EXERCISE
From the listing below, please restate exactly the lines beginning at the one with "These leather Mary" and ending at the one with "VASO REFRIGERANTE CAPIBARA", both included, and skip the pictures.

MATERIAL TO PROCESS
● ● ● ● ●

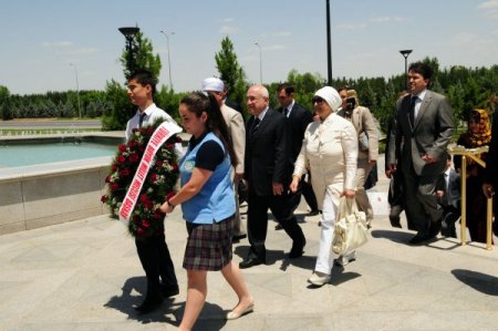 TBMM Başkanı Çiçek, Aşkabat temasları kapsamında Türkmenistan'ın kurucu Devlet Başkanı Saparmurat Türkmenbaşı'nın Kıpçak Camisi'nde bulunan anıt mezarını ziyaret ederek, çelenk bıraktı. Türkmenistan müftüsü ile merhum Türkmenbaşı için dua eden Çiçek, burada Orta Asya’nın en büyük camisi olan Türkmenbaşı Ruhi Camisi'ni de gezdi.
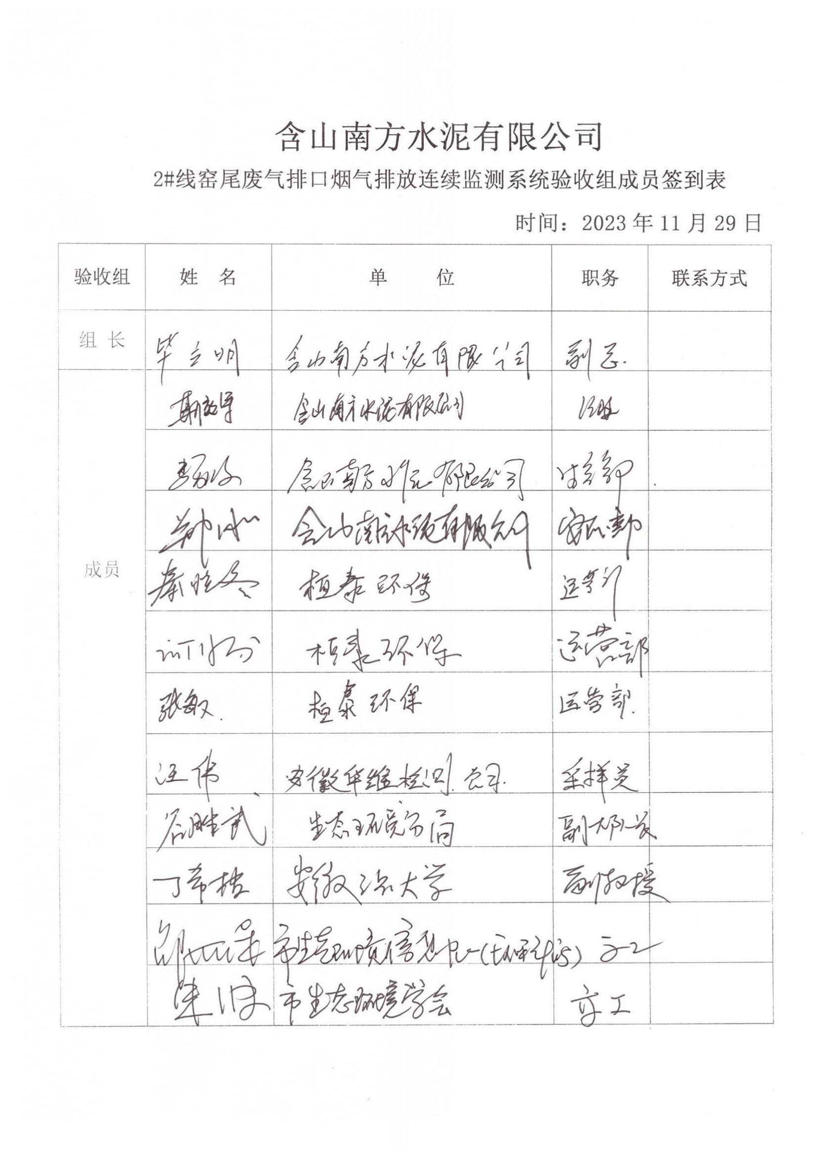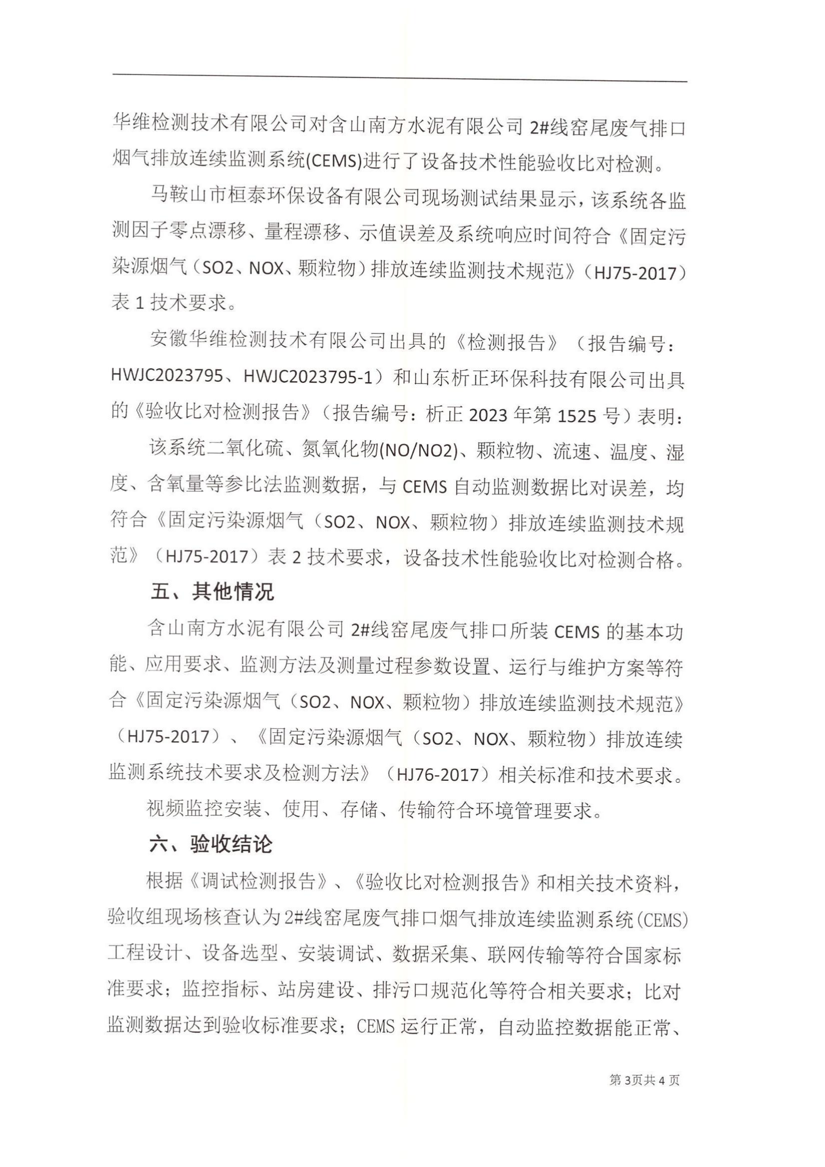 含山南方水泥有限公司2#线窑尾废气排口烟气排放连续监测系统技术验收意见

● ● ● ● ●

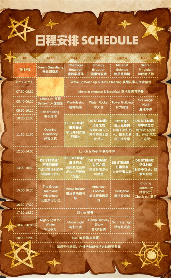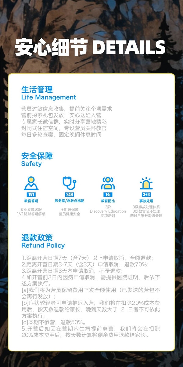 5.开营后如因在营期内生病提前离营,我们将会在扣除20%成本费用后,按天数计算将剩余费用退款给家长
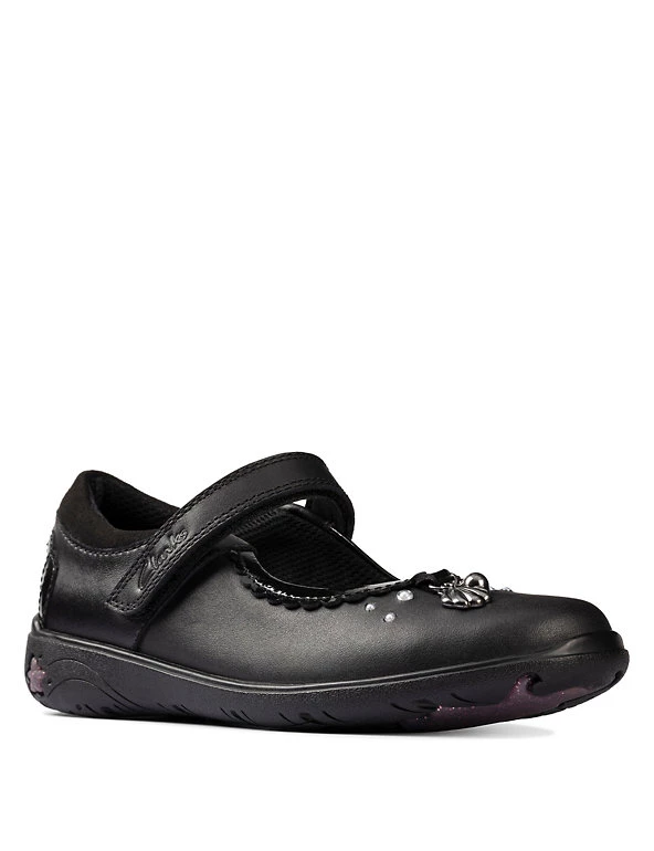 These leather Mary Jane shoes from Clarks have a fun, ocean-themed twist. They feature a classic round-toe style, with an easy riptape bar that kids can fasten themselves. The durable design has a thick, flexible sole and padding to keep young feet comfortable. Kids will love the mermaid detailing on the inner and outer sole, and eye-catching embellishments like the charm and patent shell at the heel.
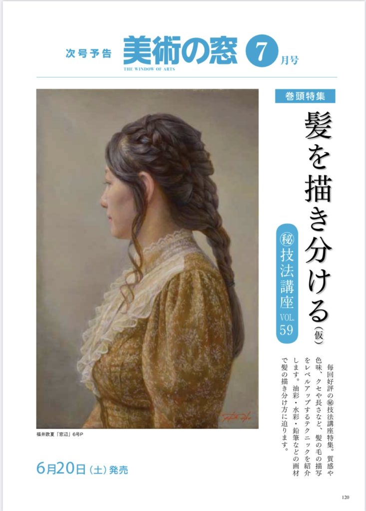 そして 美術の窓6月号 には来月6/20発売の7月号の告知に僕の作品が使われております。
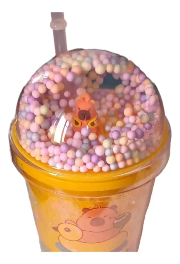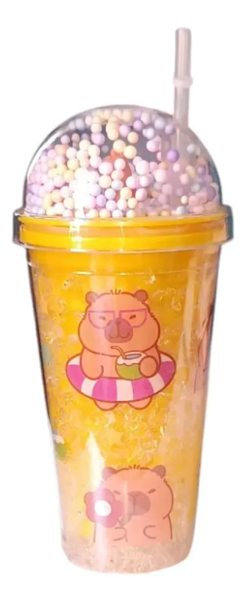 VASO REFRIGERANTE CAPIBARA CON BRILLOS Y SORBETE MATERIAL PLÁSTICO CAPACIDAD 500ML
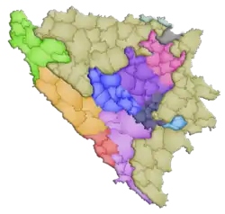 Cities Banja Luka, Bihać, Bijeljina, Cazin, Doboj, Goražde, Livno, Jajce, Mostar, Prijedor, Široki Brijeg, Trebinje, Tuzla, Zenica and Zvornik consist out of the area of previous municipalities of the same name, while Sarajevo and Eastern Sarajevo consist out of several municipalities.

● ● ● ● ●

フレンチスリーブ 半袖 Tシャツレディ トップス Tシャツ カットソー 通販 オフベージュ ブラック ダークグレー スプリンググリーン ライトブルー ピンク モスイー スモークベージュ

● ● ● ● ●

EXERCISE ANSWER
 These leather Mary Jane shoes from Clarks have a fun, ocean-themed twist. They feature a classic round-toe style, with an easy riptape bar that kids can fasten themselves. The durable design has a thick, flexible sole and padding to keep young feet comfortable. Kids will love the mermaid detailing on the inner and outer sole, and eye-catching embellishments like the charm and patent shell at the heel.
 そして 美術の窓6月号 には来月6/20発売の7月号の告知に僕の作品が使われております。
 VASO REFRIGERANTE CAPIBARA CON BRILLOS Y SORBETE MATERIAL PLÁSTICO CAPACIDAD 500ML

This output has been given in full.